■ **ABOUT THIS TASK**
Would you retype exactly the lines below, starting with the one that has "Mit den Vorlagen-Frameworks" and going on through the one that has "Découvrez la Jayco", with no pictures and nothing else?

■ **THE RECORDS**
-*-*-

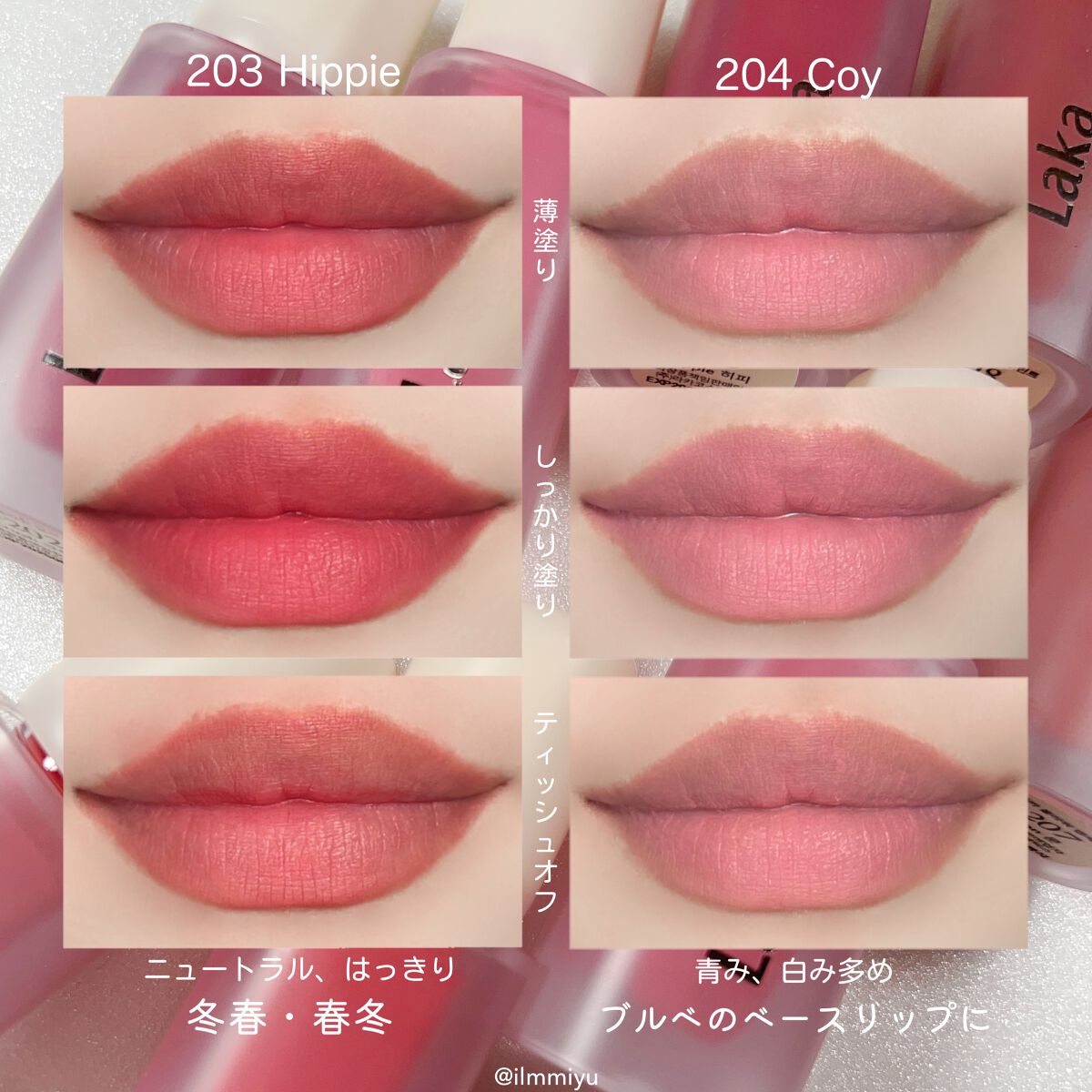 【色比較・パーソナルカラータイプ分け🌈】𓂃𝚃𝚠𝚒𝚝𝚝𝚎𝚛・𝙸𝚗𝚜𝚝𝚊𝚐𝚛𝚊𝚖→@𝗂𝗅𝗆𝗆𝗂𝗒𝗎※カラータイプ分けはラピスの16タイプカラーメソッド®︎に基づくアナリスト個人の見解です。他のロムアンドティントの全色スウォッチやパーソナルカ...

-*-*-

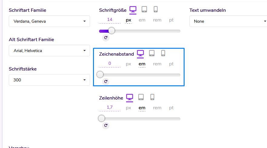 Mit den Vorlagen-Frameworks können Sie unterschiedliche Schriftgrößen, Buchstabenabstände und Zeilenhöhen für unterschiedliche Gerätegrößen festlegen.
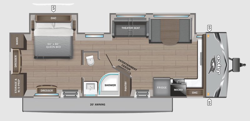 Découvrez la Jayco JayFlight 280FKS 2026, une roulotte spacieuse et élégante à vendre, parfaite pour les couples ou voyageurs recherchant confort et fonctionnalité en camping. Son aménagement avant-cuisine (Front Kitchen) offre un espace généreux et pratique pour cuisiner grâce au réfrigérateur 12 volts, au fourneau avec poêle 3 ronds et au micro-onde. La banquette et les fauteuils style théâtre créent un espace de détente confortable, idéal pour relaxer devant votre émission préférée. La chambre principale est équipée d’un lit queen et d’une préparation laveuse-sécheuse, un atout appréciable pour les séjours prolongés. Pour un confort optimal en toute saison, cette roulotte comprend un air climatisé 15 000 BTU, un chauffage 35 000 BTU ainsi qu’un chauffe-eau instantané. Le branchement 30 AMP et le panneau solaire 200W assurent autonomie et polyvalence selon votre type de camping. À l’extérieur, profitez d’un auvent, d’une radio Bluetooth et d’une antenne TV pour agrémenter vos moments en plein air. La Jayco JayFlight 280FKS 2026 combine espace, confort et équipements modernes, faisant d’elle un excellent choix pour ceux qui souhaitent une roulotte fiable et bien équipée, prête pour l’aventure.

-*-*-

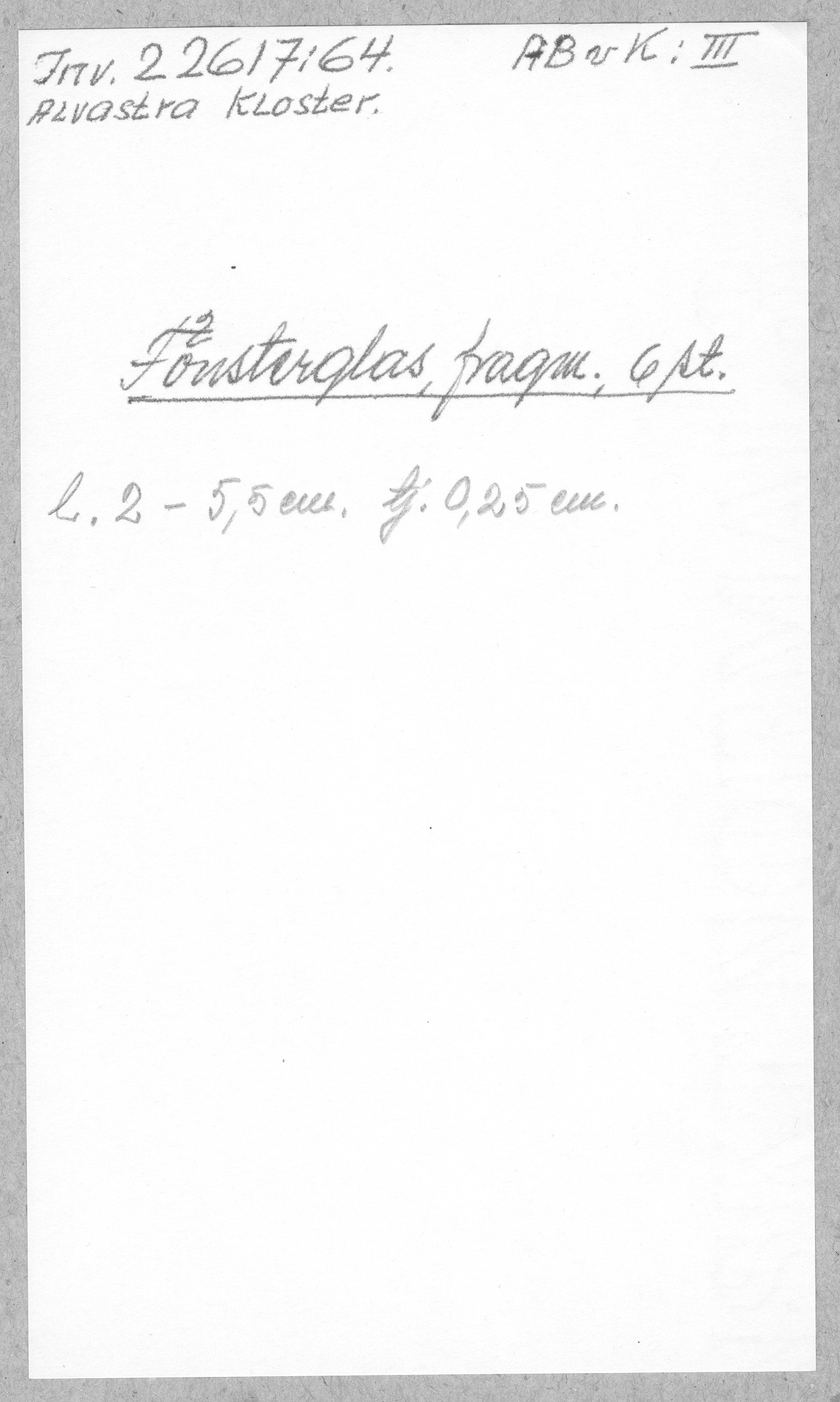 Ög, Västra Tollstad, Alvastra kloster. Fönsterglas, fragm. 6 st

-*-*-

■ **ANSWER TO THE EXERCISE**
 Mit den Vorlagen-Frameworks können Sie unterschiedliche Schriftgrößen, Buchstabenabstände und Zeilenhöhen für unterschiedliche Gerätegrößen festlegen.
 Découvrez la Jayco JayFlight 280FKS 2026, une roulotte spacieuse et élégante à vendre, parfaite pour les couples ou voyageurs recherchant confort et fonctionnalité en camping. Son aménagement avant-cuisine (Front Kitchen) offre un espace généreux et pratique pour cuisiner grâce au réfrigérateur 12 volts, au fourneau avec poêle 3 ronds et au micro-onde. La banquette et les fauteuils style théâtre créent un espace de détente confortable, idéal pour relaxer devant votre émission préférée. La chambre principale est équipée d’un lit queen et d’une préparation laveuse-sécheuse, un atout appréciable pour les séjours prolongés. Pour un confort optimal en toute saison, cette roulotte comprend un air climatisé 15 000 BTU, un chauffage 35 000 BTU ainsi qu’un chauffe-eau instantané. Le branchement 30 AMP et le panneau solaire 200W assurent autonomie et polyvalence selon votre type de camping. À l’extérieur, profitez d’un auvent, d’une radio Bluetooth et d’une antenne TV pour agrémenter vos moments en plein air. La Jayco JayFlight 280FKS 2026 combine espace, confort et équipements modernes, faisant d’elle un excellent choix pour ceux qui souhaitent une roulotte fiable et bien équipée, prête pour l’aventure.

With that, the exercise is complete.